What is needed → Would you print the records below from the first line through the line containing "[Breite Anwendung] Das", skipping the pictures?

Task material →

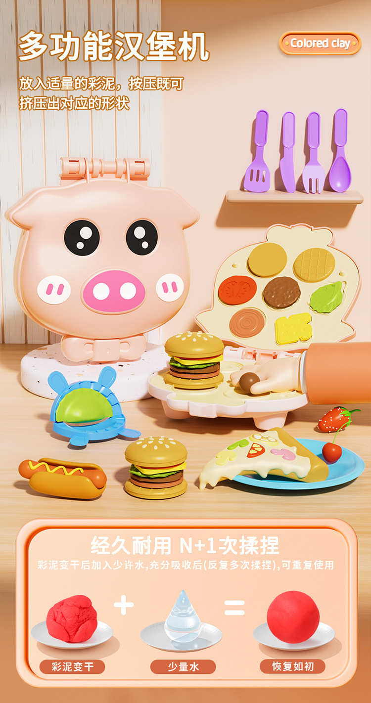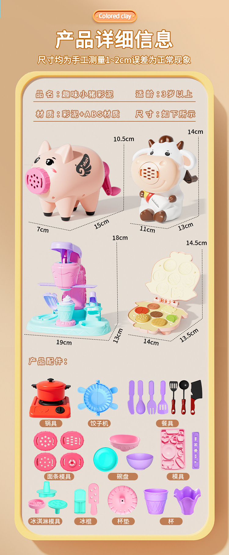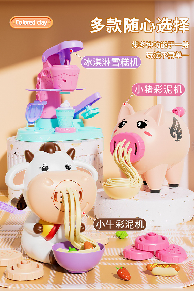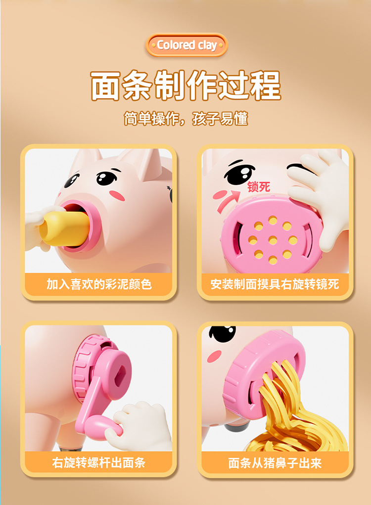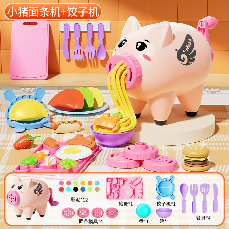 Plasticine 돼지 국수 기계 장난감 컬러 점토 세트 어린이 소년과 소녀 점토 빛 점토 도구스토어 가기
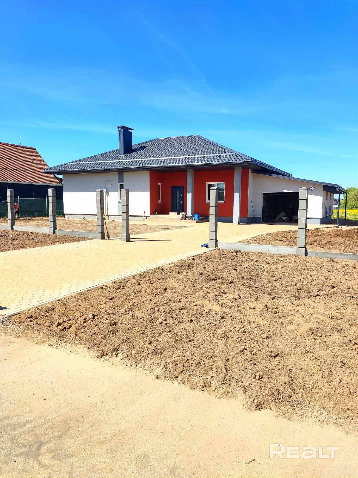 водосточка. Выложен заезд в гараж, мощение для парковочных мест, очень
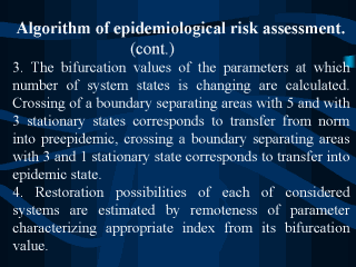 | So, the risk is estimated on a degree of system parameter approximation to their bifurcation values, which characterize system transition from one its steady state (norm), to another (epidemic or preepidemic). |
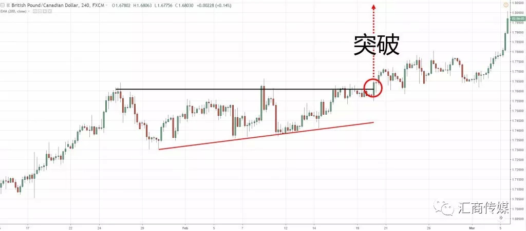 确定了这几点,你再考虑在哪里交易吧。我不清楚Ed Seykota关注哪种图表模式,但是我比较喜欢交易看涨图表模式。比如下图的上升三角形:
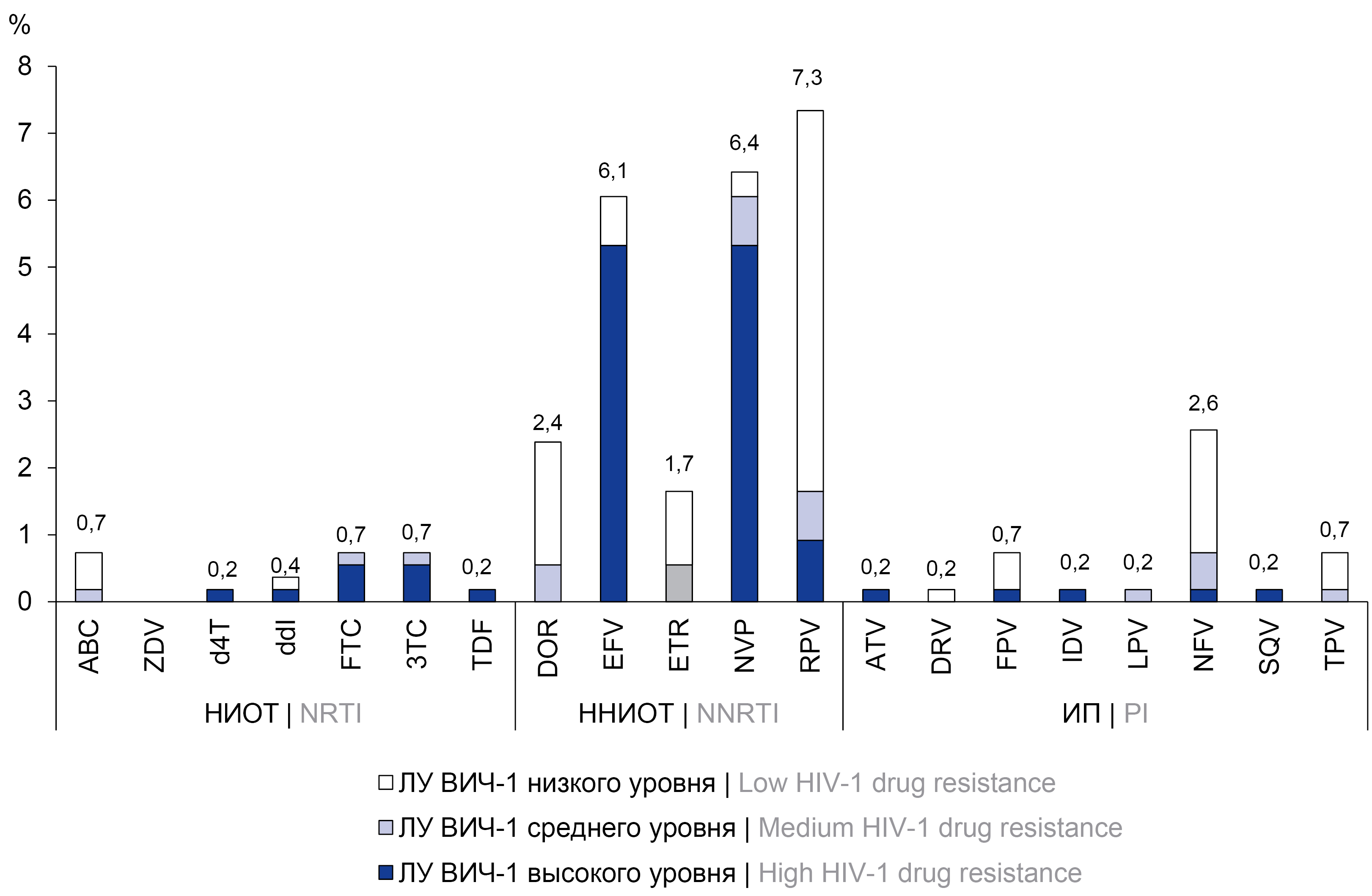 Среди класса ННИОТ ЛУ ВИЧ-1 была обнаружена чаще всего к RPV (7,3%), NVP (6,4%) и EFV (6,1%), причём к препаратам 1-го поколения преимущественно высокого уровня (рис. 2). Среди ИП ЛУ ВИЧ-1 чаще всего была выявлена к NFV (2,6%). Среди препаратов класса НИОТ резистентность ВИЧ-1 была определена наиболее часто к ABC (0,7%), FTC (0,7%) и 3TC (0,7%).
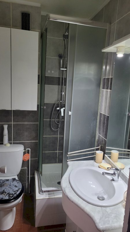 Il se compose d'une pièce de vie avec une cuisine aménagée, d'une chambre (pouvant accueillir un lit de 140 cm), d'une salle d'eau avec toilettes, d'un petit cellier avec lave-linge, et d'une belle véranda aménagée en salon. Une place de parking privée est également incluse.
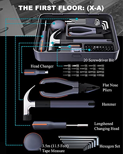 [Breite Anwendung] Das Handwerkzeugset ist klein und leicht und kann an verschiedenen Stellen im Haushalt hübsch platziert werden. Enthält 72 Reparaturwerkzeuge, die für elektrische Reparaturen, Möbeldekorationen, mechanische Reparaturen, Heimwerkerarbeiten usw. brauchbar sind.
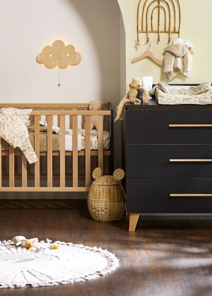 Op zoek naar een zwarte babykamer met de elegantie van hout? Maak kennis met de Steffi zwarte babykamer! De Steffi zwarte babykamer is ontworpen om je baby de eerste jaren te begeleiden en is voorzien van een ledikant, een ledikantbed, een commode die als commode gebruikt kan worden en ruime opbergkasten met zachte sluiting. Het is niet alleen praktisch, het is ook snel in elkaar te zetten, wat het leven makkelijker maakt!
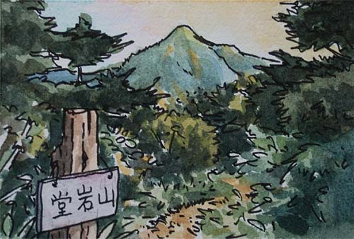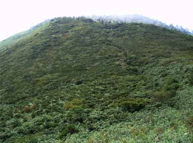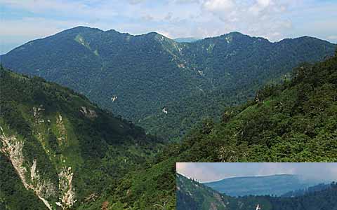 ![]() ↑堂岩山への登りの途中、木の間越しに見た岩菅山方面。何かで読んだ話ではイワスゲという植物はないそうで、この尾根が岩だらけでなので「岩がすげェ山」から岩菅の字を当てたのだとか。 |
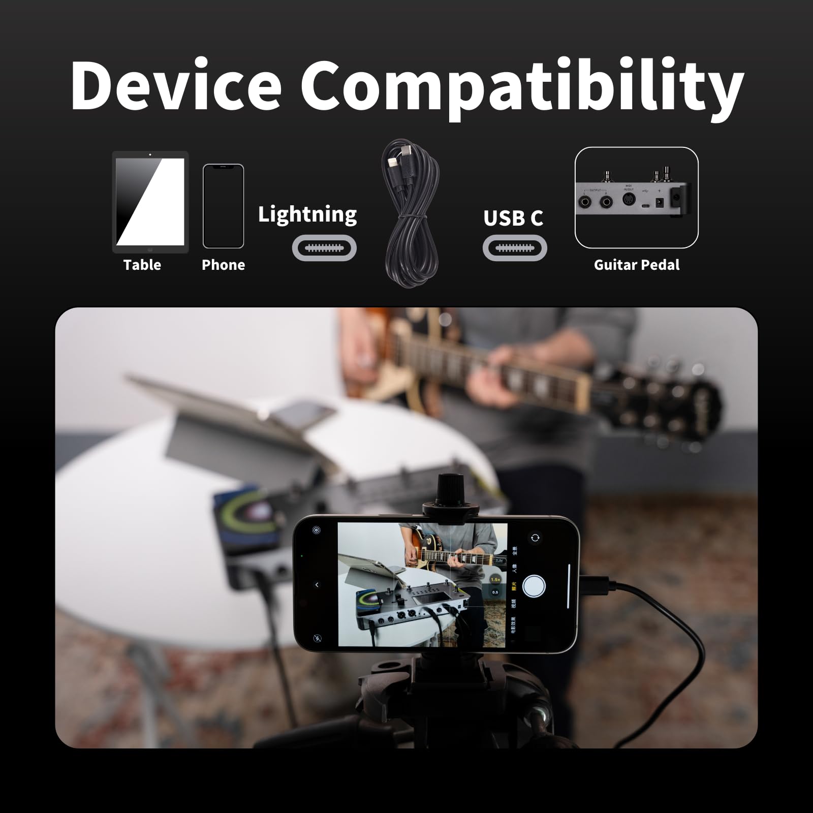 MOOER 2 Meters OTG Cable for Instruments Phone Recording, Guitar Live Streaming, for Lightining—
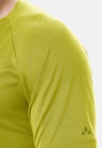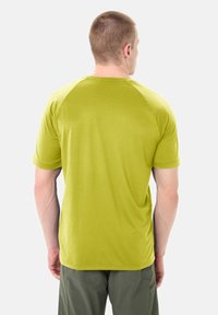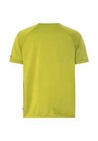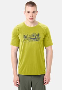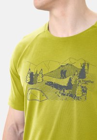 Homme portant un t-shirt vert citron avec un graphisme de montagne, d'arbres, de randonneurs et de tente, associé à un pantalon vert olive, debout devant un fond blanc.
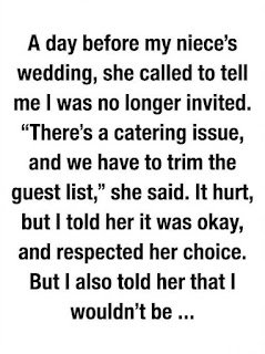 The invitation was revoked the day before the wedding. My niece called, her explanation a jumble of catering numbers and venue limits, but her meaning

Answer to the exercise →
 Plasticine 돼지 국수 기계 장난감 컬러 점토 세트 어린이 소년과 소녀 점토 빛 점토 도구스토어 가기
 водосточка. Выложен заезд в гараж, мощение для парковочных мест, очень
 | So, the risk is estimated on a degree of system parameter approximation to their bifurcation values, which characterize system transition from one its steady state (norm), to another (epidemic or preepidemic). |
 确定了这几点,你再考虑在哪里交易吧。我不清楚Ed Seykota关注哪种图表模式,但是我比较喜欢交易看涨图表模式。比如下图的上升三角形:
 Среди класса ННИОТ ЛУ ВИЧ-1 была обнаружена чаще всего к RPV (7,3%), NVP (6,4%) и EFV (6,1%), причём к препаратам 1-го поколения преимущественно высокого уровня (рис. 2). Среди ИП ЛУ ВИЧ-1 чаще всего была выявлена к NFV (2,6%). Среди препаратов класса НИОТ резистентность ВИЧ-1 была определена наиболее часто к ABC (0,7%), FTC (0,7%) и 3TC (0,7%).
 Il se compose d'une pièce de vie avec une cuisine aménagée, d'une chambre (pouvant accueillir un lit de 140 cm), d'une salle d'eau avec toilettes, d'un petit cellier avec lave-linge, et d'une belle véranda aménagée en salon. Une place de parking privée est également incluse.
 [Breite Anwendung] Das Handwerkzeugset ist klein und leicht und kann an verschiedenen Stellen im Haushalt hübsch platziert werden. Enthält 72 Reparaturwerkzeuge, die für elektrische Reparaturen, Möbeldekorationen, mechanische Reparaturen, Heimwerkerarbeiten usw. brauchbar sind.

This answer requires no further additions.